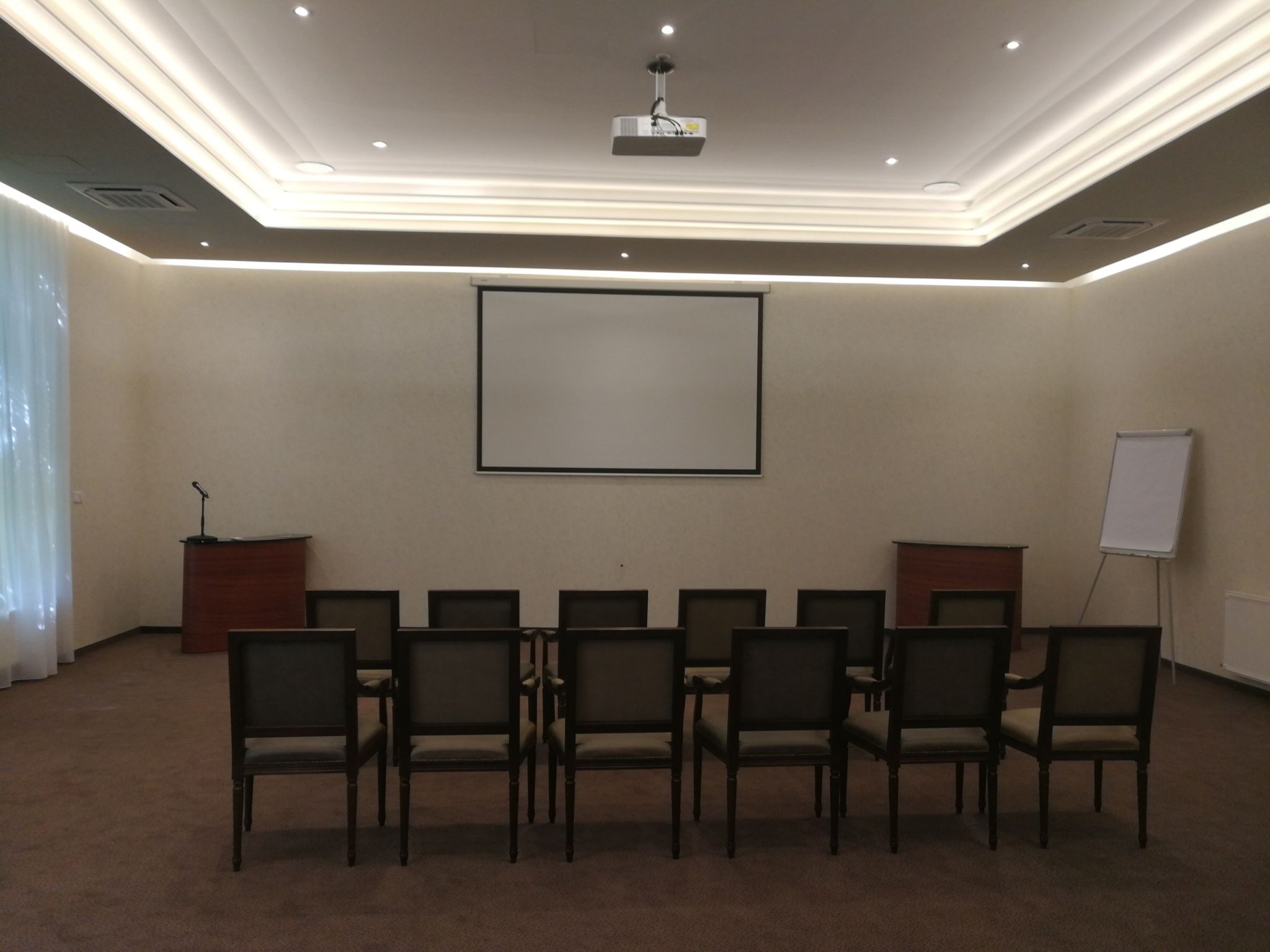 A konferenciaterem, mely klímával felszerelt, alkalmas céges rendezvények lebonyolítására: meeting, workshop, konferencia, tréning.
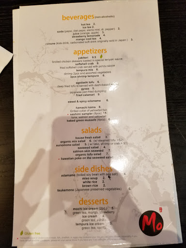 Pros: great decor, friendly service, awesome food Cons: prices a little high Honestly, you get what you pay for and the food at Sushi Mo is definitely worth it! Dont expect to pay sushi-belt prices nor sushi-belt food. Everything my wife and I ordered, from the shrimp shumai appetizers to the salmon hand rolls & dragon rolls, was gorgeously prepared and tasted fabulous! I would definitely recommend this place to family and friends!
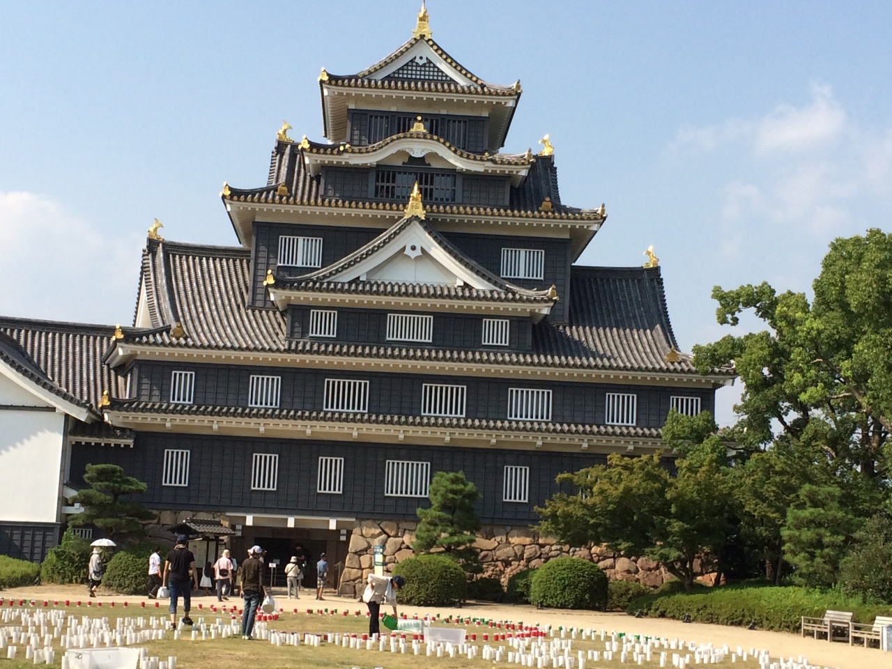 岡山には再三いっていましたが、何故かいっていなかった岡山城に行きました。岡山城は別名烏城と呼ばれ織田信長が築いた安土城にならって築城された日本を代表する城郭建築です。城の入口側に烏城公園と書いてある大きな石を横目に、不明門(あかずのもん)から入り城の前に立ちました。烏城と呼ばれている通り全容が黒です。入城してエレベターの前に金のシャチホコが展示されていましたが綺麗でした。エレベーターは4階止まりで5階6階は階段で天守閣に、そこには立派な金のシャチホコが見えました。天守閣には寄席や駕籠、着物の着付けと写真撮影、備前焼体験など他の城にない趣向が多くあり見応えがありました。あと城の近くの烏城公園駐車場に停めると天守閣に入ったひとは150円の割引があります。また、後楽園のセットで買うと560円と安くなってます。但し、65歳以上は単独で買った方が安くなります。1時間駐車すると300円(天守入場のスタンプで150円割引)、岡山城と後楽園の共通券を購入すると560円、65歳以上のシニアは岡山城300円、後楽園のシニア入場料140円で合計440円となります。

* * *

WHAT TO WORK ON
Would you output the full listing exactly as it stands, minus the images?

EXERCISE RESPONSE
 A konferenciaterem, mely klímával felszerelt, alkalmas céges rendezvények lebonyolítására: meeting, workshop, konferencia, tréning.
 Pros: great decor, friendly service, awesome food Cons: prices a little high Honestly, you get what you pay for and the food at Sushi Mo is definitely worth it! Dont expect to pay sushi-belt prices nor sushi-belt food. Everything my wife and I ordered, from the shrimp shumai appetizers to the salmon hand rolls & dragon rolls, was gorgeously prepared and tasted fabulous! I would definitely recommend this place to family and friends!
 岡山には再三いっていましたが、何故かいっていなかった岡山城に行きました。岡山城は別名烏城と呼ばれ織田信長が築いた安土城にならって築城された日本を代表する城郭建築です。城の入口側に烏城公園と書いてある大きな石を横目に、不明門(あかずのもん)から入り城の前に立ちました。烏城と呼ばれている通り全容が黒です。入城してエレベターの前に金のシャチホコが展示されていましたが綺麗でした。エレベーターは4階止まりで5階6階は階段で天守閣に、そこには立派な金のシャチホコが見えました。天守閣には寄席や駕籠、着物の着付けと写真撮影、備前焼体験など他の城にない趣向が多くあり見応えがありました。あと城の近くの烏城公園駐車場に停めると天守閣に入ったひとは150円の割引があります。また、後楽園のセットで買うと560円と安くなってます。但し、65歳以上は単独で買った方が安くなります。1時間駐車すると300円(天守入場のスタンプで150円割引)、岡山城と後楽園の共通券を購入すると560円、65歳以上のシニアは岡山城300円、後楽園のシニア入場料140円で合計440円となります。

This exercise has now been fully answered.